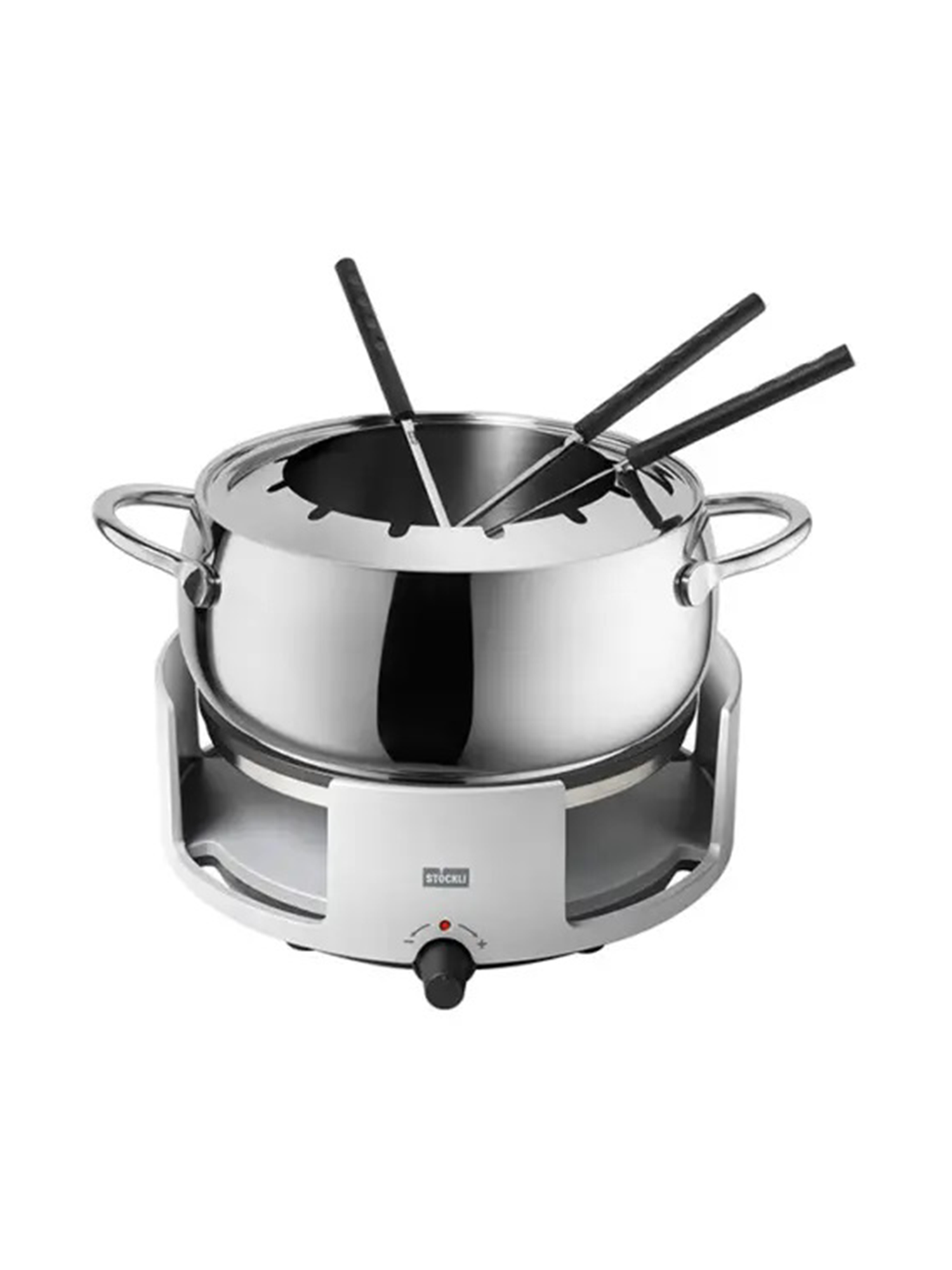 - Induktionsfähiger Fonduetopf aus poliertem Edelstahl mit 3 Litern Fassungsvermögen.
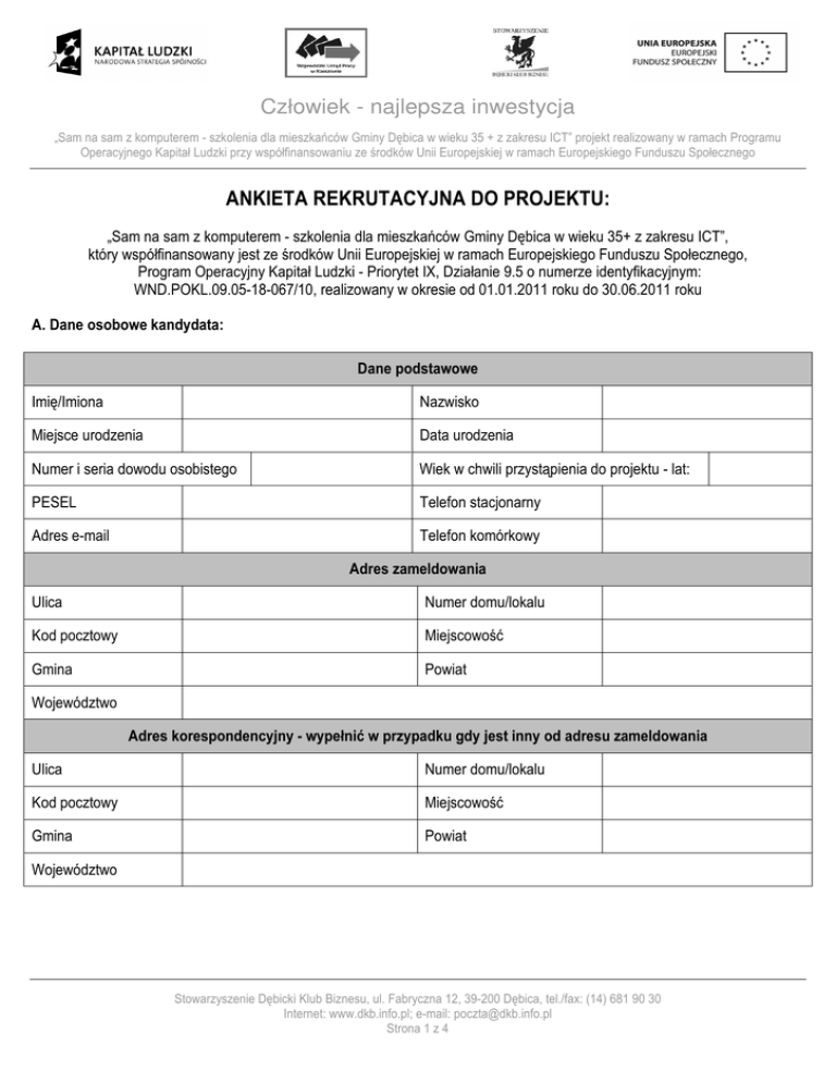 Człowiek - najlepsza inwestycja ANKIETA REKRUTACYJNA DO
# # #
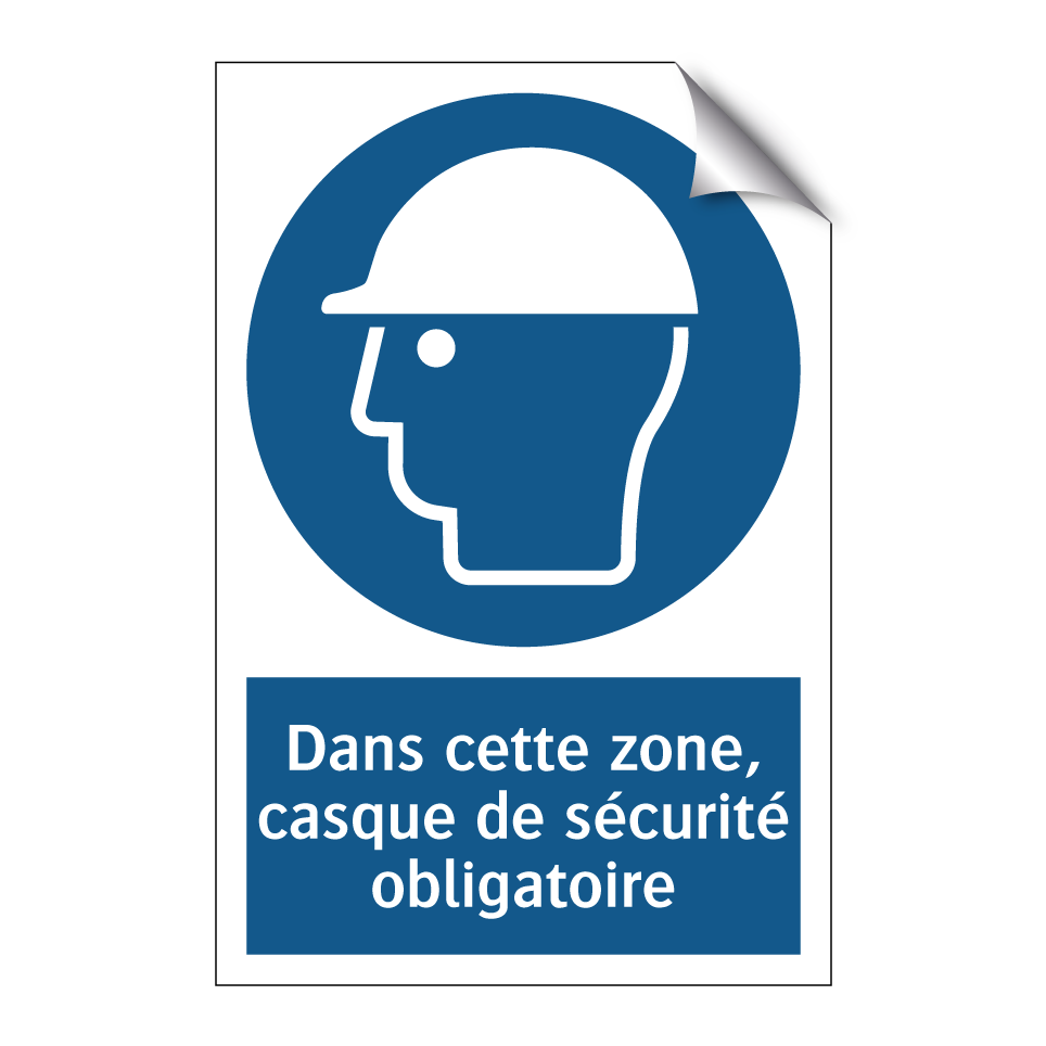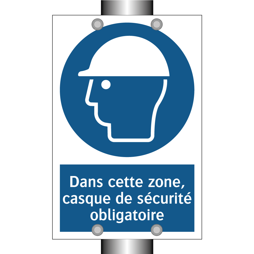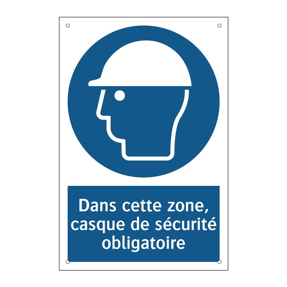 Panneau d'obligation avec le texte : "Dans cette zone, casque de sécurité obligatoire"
# # #
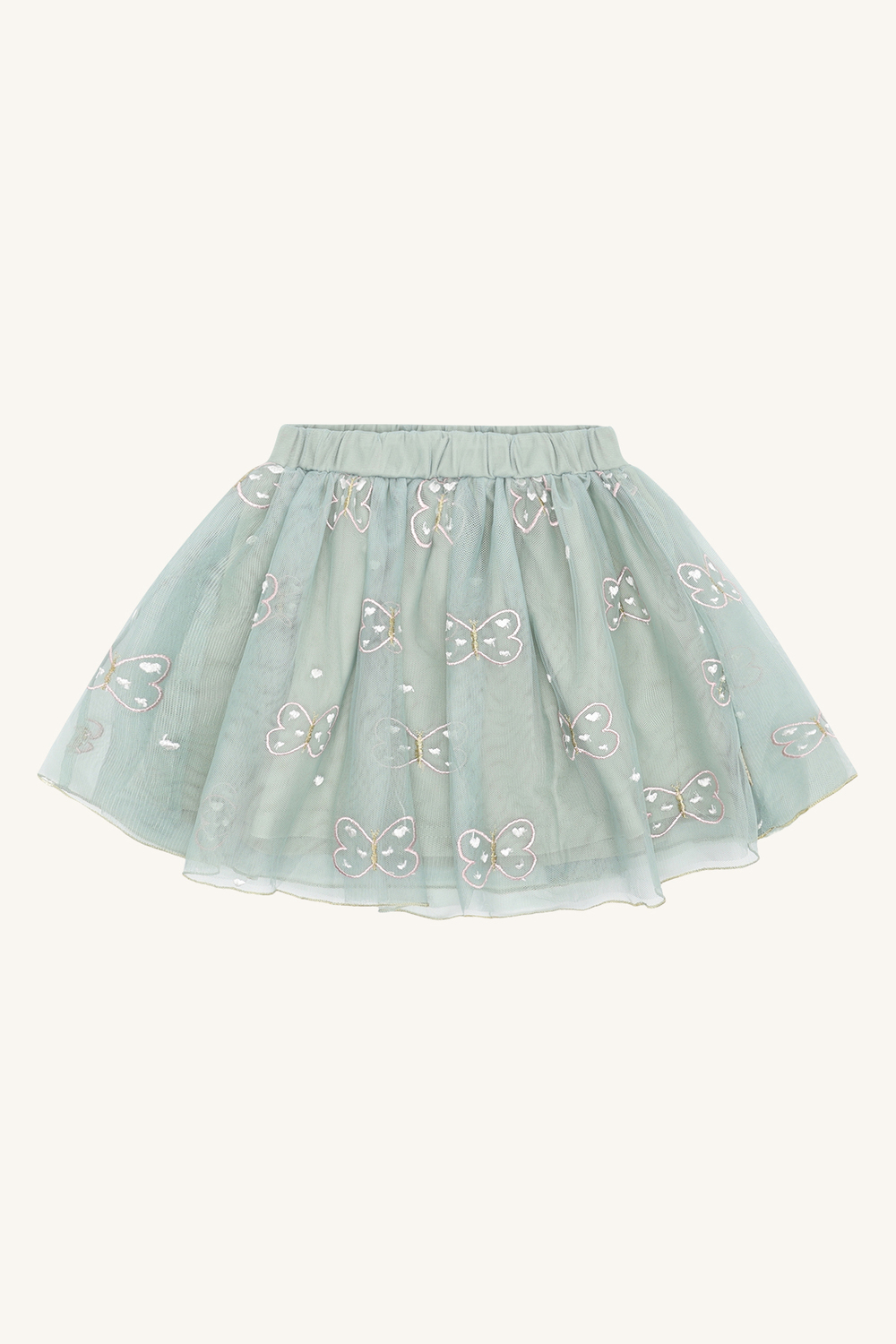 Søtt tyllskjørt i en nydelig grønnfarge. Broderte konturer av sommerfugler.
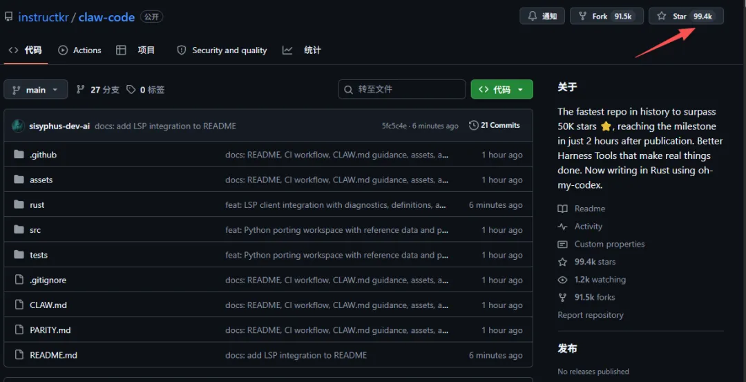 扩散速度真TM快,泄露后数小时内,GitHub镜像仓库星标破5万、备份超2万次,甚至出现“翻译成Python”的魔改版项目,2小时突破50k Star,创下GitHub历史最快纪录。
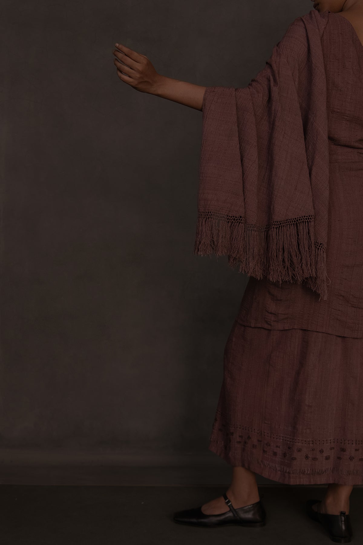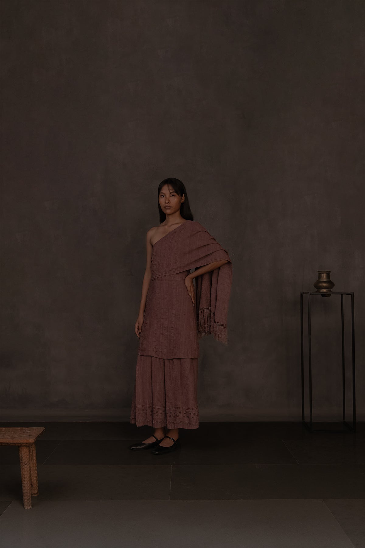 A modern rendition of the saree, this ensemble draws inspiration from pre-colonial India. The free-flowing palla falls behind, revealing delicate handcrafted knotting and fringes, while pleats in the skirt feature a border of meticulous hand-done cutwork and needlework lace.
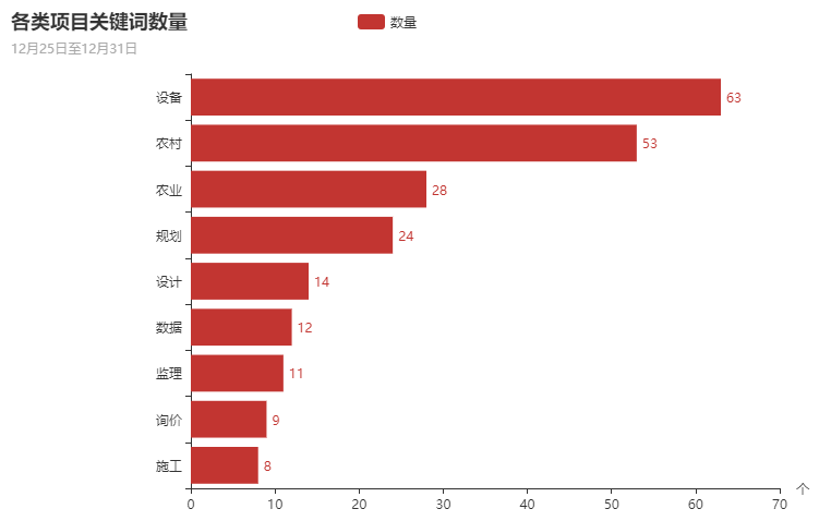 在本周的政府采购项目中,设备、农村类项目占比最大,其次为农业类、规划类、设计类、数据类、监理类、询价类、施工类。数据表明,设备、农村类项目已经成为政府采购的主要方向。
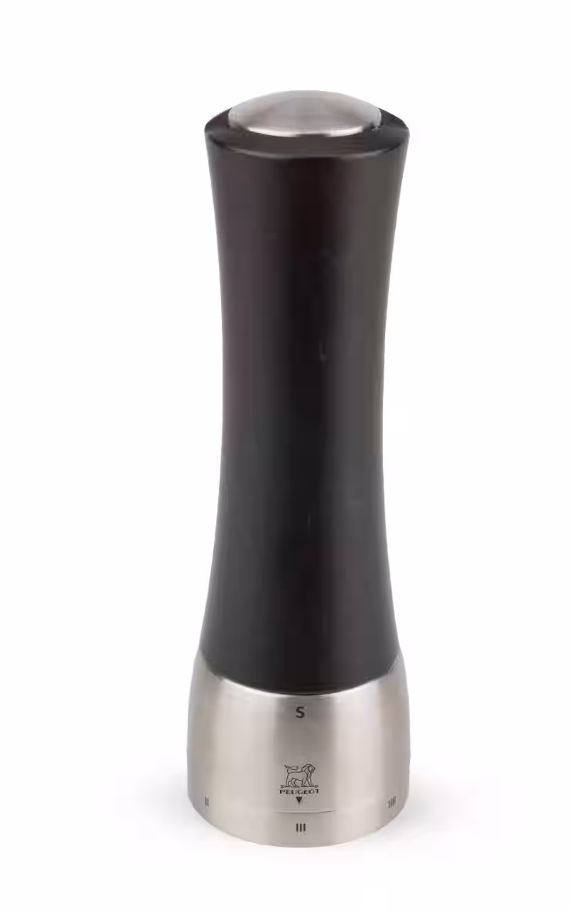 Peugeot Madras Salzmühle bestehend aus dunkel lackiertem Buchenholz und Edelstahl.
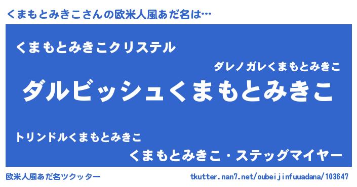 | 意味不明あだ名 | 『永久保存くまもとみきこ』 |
# # #
### WHAT NEEDS TO BE DONE
Starting at the line that contains "- Induktionsfähiger Fonduetopf" and ending at the line that contains "Człowiek - najlepsza", transcribe the material above exactly, excluding pictures.

### TASK RESPONSE
 - Induktionsfähiger Fonduetopf aus poliertem Edelstahl mit 3 Litern Fassungsvermögen.
 Człowiek - najlepsza inwestycja ANKIETA REKRUTACYJNA DO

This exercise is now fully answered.